A photo of a bilby shot in the sandhills near Blackall in central Queensland, published in The Telegraph 1912 / Credit: National Library of Australia

Silcock says while the historical records didn’t expand the extent of bilby’s known range much, the information did expand understanding about the species’ known habitats.

Bilbies used to occur across about 70% of the Australian mainland and have now retracted to small little pockets mostly in the central desert lands. “So sandy country, big deserts, mostly Aboriginal land, just hanging on in a few pastoral stations, national parks,” Silcock says.

She says bilbies are surviving today in some extreme locations: “impressively barren landscapes – you can stand out there and not see a tree or shrub anywhere on the horizon. Absolutely baking in summer, very little ground cover.

“This probably isn’t the bilby’s ideal habitat. This is just where they can survive where nothing else can, where there’s pretty low densities of cats generally and hardly any foxes.”

Current bilby habitat in south-west Queensland / Credit: Peter McCrae

But those historical records show bilbies once occupied a much broader range of habitats and ecosystems, including heavily forested areas in southeastern Australia, and sand ridges along major rivers.

“I was really surprised at how widespread they were across such a huge range of vegetation types. And many vegetation types we don’t typically associate with bilbies,” she says.
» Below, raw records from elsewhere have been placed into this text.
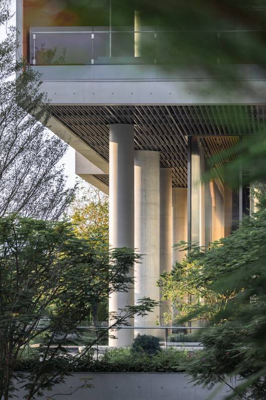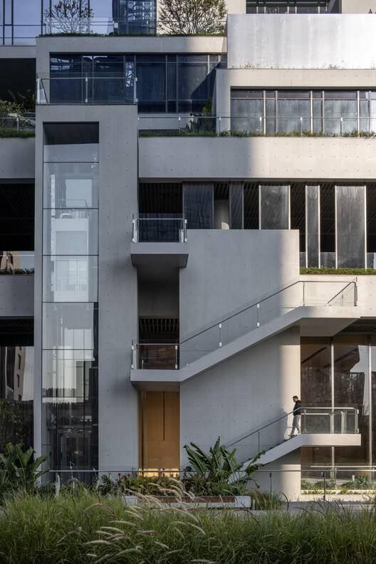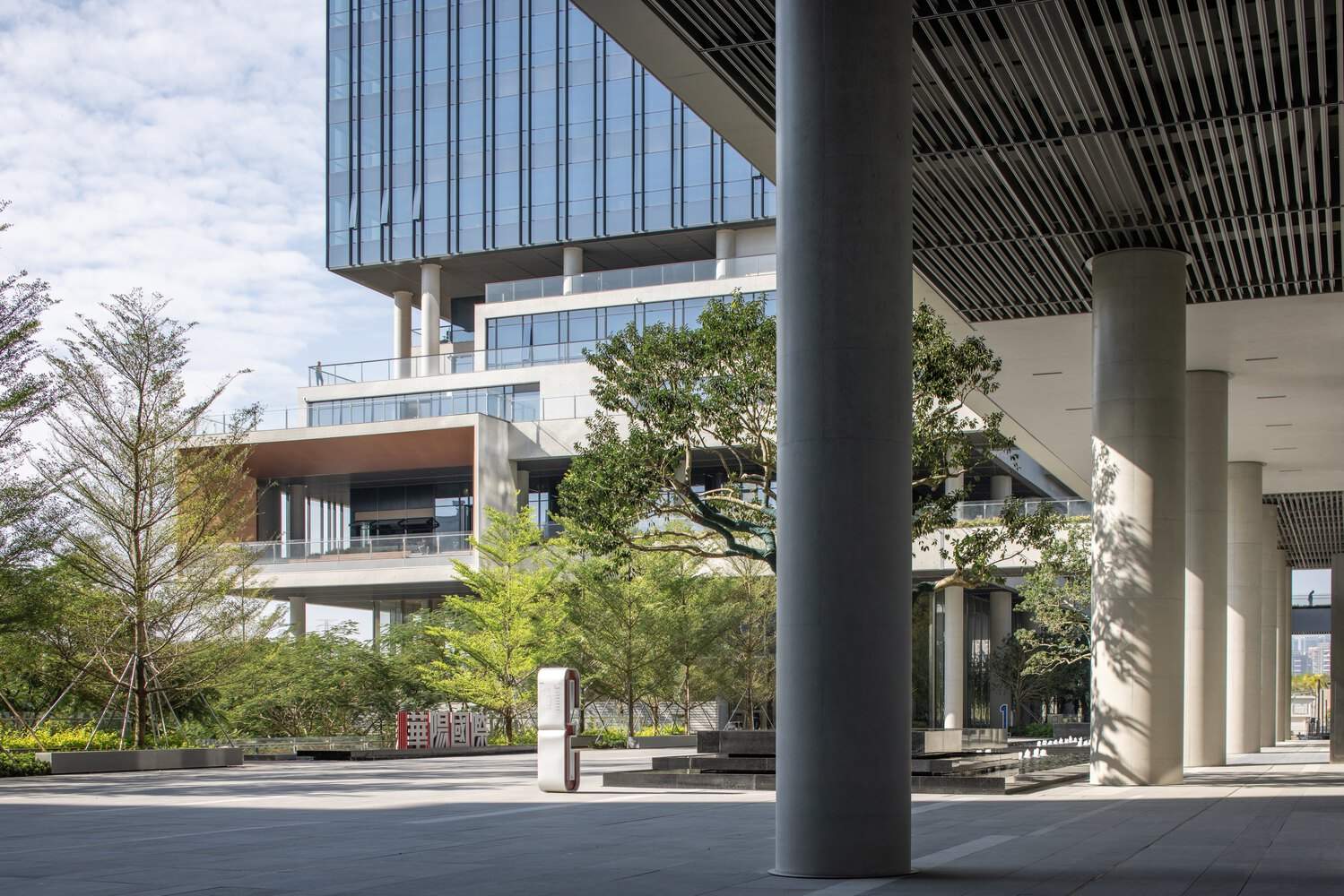 As the first engineering design industrial park in Shenzhen, we respond to design aesthetics with the most authentic materials. The project uses clear water concrete as the main building material, 108 clear water concrete wall columns, and approximately 24000 square meters of clear water concrete wall surface. It is poured and formed in one go with millimeter level construction accuracy, achieving the texture of an art exhibition hall and carrying the sediment of time. The interweaving of light and shadow under different sky conditions constantly conveys natural emotions and provides users with immersive spatial experiences between different textures. The biggest feature of the exterior wall is the hidden design of the glass curtain wall. At the junction of the plain concrete wall and the curtain wall, a groove structure is used to achieve the effect of hiding the curtain wall frame. By weakening the components, the details are visually "disappeared", creating a strong contrast between the heaviness of plain concrete and the lightness of glass, shaping a pure and concise artistic conception, and conveying the humanistic style of the design enterprise.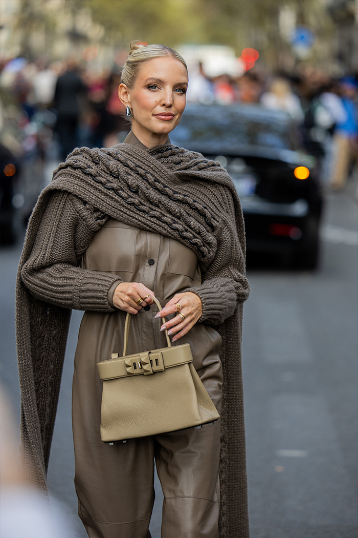 Brown doesn’t have to be boring. Pair a thick leather jacket over a dainty cardigan and lightweight skirt for loads of contrast and a play on texture.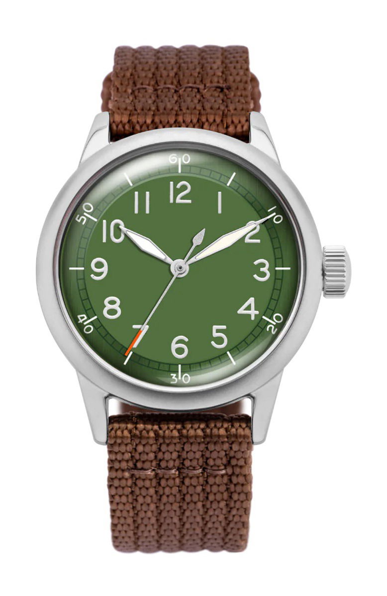 Completing the field watch look, the straps are available in durable drab green canvas or brown nylon, built tough to withstand humidity, sweat, and the elements. This watch is both a tribute to history and a modern, rugged timepiece.

While bilbies rapidly disappeared from populated areas from the 1890s, by the 1990s things seem to have stabilised a little. 
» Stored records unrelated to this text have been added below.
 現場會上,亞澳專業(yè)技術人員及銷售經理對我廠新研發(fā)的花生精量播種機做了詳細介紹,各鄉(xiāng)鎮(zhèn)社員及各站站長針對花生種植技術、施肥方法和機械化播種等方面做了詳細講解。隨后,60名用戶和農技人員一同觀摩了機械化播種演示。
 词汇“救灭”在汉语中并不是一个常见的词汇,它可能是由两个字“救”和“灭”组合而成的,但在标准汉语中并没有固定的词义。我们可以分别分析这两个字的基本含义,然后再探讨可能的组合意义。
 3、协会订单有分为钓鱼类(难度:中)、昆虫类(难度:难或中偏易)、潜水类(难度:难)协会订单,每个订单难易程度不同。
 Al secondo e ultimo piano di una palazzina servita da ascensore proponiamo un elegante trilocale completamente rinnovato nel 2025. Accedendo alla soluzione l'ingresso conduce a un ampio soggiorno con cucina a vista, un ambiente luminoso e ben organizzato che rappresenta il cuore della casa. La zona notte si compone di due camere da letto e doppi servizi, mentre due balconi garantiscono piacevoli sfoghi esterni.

Silcock says that’s no coincidence given the ‘90s marked rising public awareness about the bilby, thanks to the efforts of ‘bilby brothers’ McRae and Frank Manthey in Queensland, South Australia’s Foundation for Rabbit Free Australia and many others around the country.  

“It’s not a coincidence that the Easter Bilby took off then,” she adds.


Read more about bilbies: Social lives of bilbies more complex than previously thought


This year, Haigh’s Chocolates is marking 30 years since it first produced chocolate Easter Bilbies as a replacement for traditional rabbits. The company’s website says the idea was proposed to the company by a park ranger hoping to draw attention to the environmental damage being caused by rabbits, and the bilby’s struggle for survival.

Easter bilbies / Credit: Haigh’s Chocolates

Haigh’s says the chocolate marsupials “were an instant hit with our customers”, leading to a complete phase out of Easter Bunnies two years later.

More than a million chocolate bilbies have since been sold, with part proceeds of the sales donated to bilby conservation efforts. Other chocolate makers have also taken up the idea.

Peter Day is the executive officer for environmental charity, Rabbit-Free Australia, the first to propose the Easter Bilby concept in 1991.

The idea sprung from wanting to bring public attention to the harm rabbits cause in the landscape and efforts needed to bring back native plants and animals, he tells Cosmos.

“The bilby has been a great champion for the cause,” he says. For the organisation it’s a way of highlighting the impact of rabbits have on the environment more broadly and the need to control introduced species if we want to see the return of native plants and animals.

For Silcock, seeing a bilby in the wild remains “one of the most goose-bumpy moments you’re ever going to get”. 

“They’re just so charismatic, the way they hop around. They’re amazing creatures.”